**ACTION ITEM**
When you reach the line containing "Die helle und", begin reproducing the material exactly, stop after the line containing "BYZ se387 headphones", and leave out any pictures along the way.

**RECORDS SHOWN**
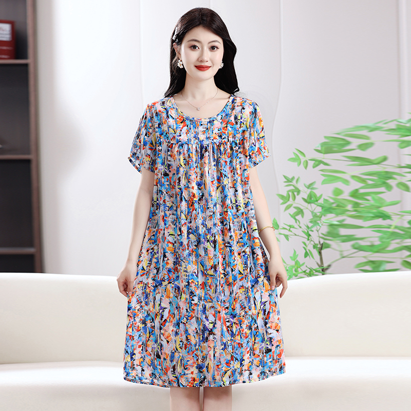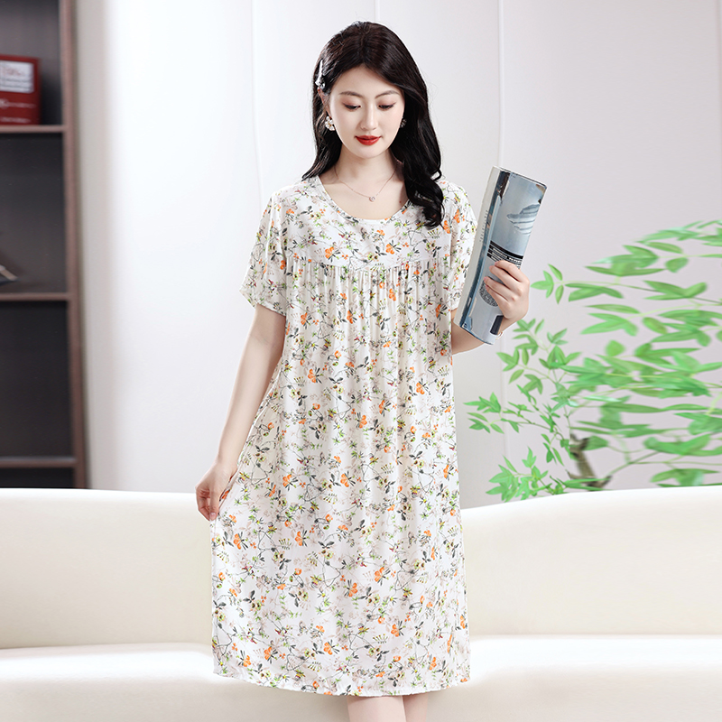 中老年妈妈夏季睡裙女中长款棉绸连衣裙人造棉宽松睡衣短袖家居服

---

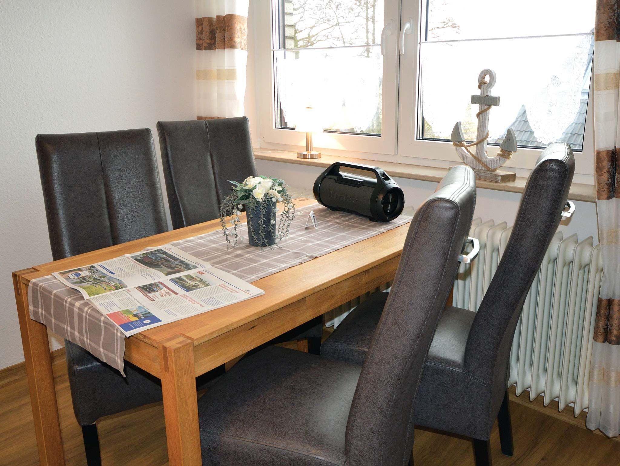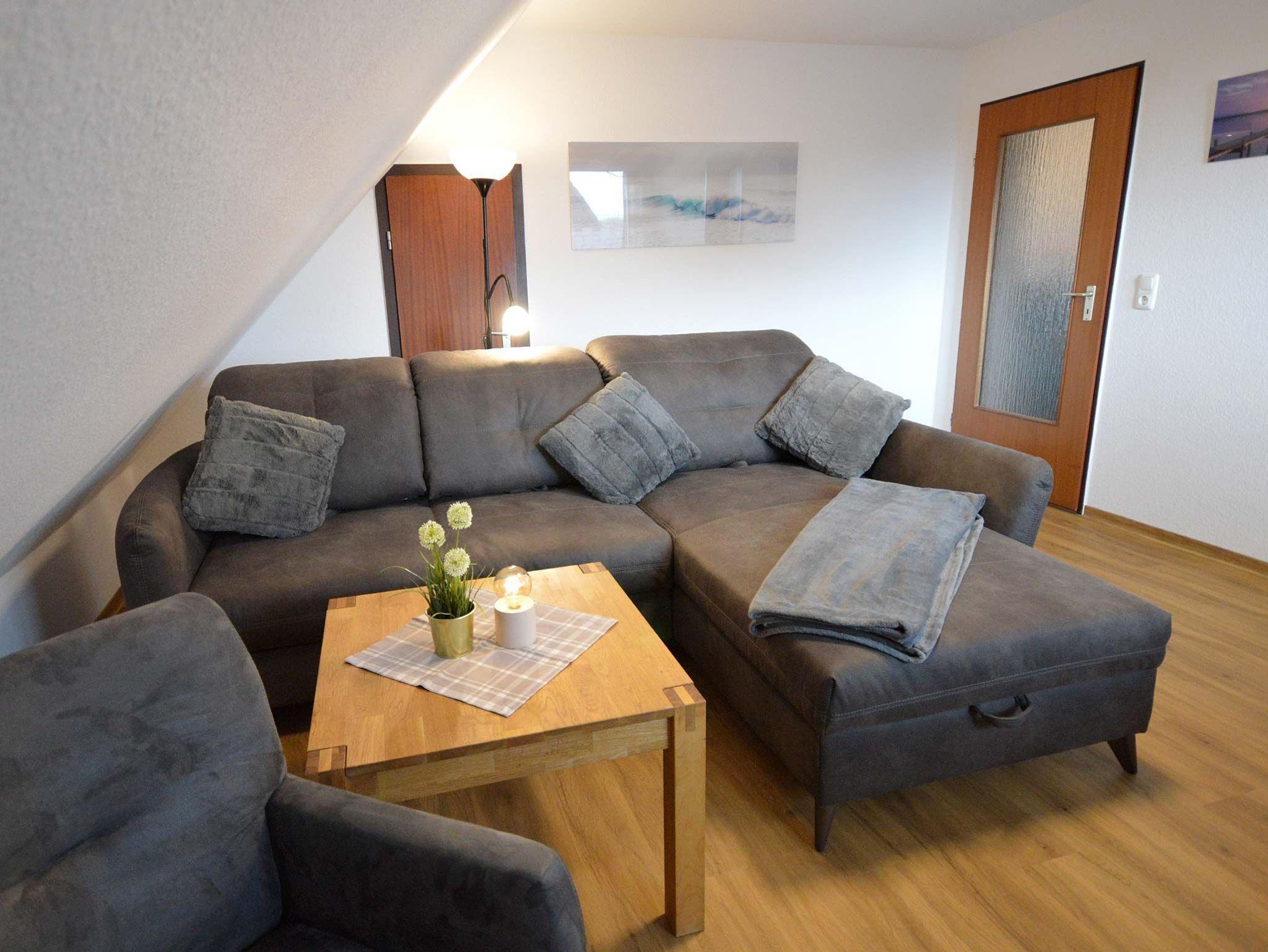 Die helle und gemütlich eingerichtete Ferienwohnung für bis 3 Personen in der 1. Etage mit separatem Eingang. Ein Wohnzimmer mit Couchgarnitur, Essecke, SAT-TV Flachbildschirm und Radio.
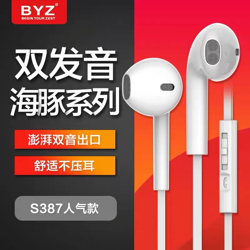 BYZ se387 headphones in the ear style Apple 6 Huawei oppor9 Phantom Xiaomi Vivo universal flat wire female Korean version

...

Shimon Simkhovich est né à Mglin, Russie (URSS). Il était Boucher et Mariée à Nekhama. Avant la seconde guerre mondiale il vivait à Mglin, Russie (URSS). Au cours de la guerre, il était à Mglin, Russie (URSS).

**FINAL ANSWER**
 Die helle und gemütlich eingerichtete Ferienwohnung für bis 3 Personen in der 1. Etage mit separatem Eingang. Ein Wohnzimmer mit Couchgarnitur, Essecke, SAT-TV Flachbildschirm und Radio.
 BYZ se387 headphones in the ear style Apple 6 Huawei oppor9 Phantom Xiaomi Vivo universal flat wire female Korean version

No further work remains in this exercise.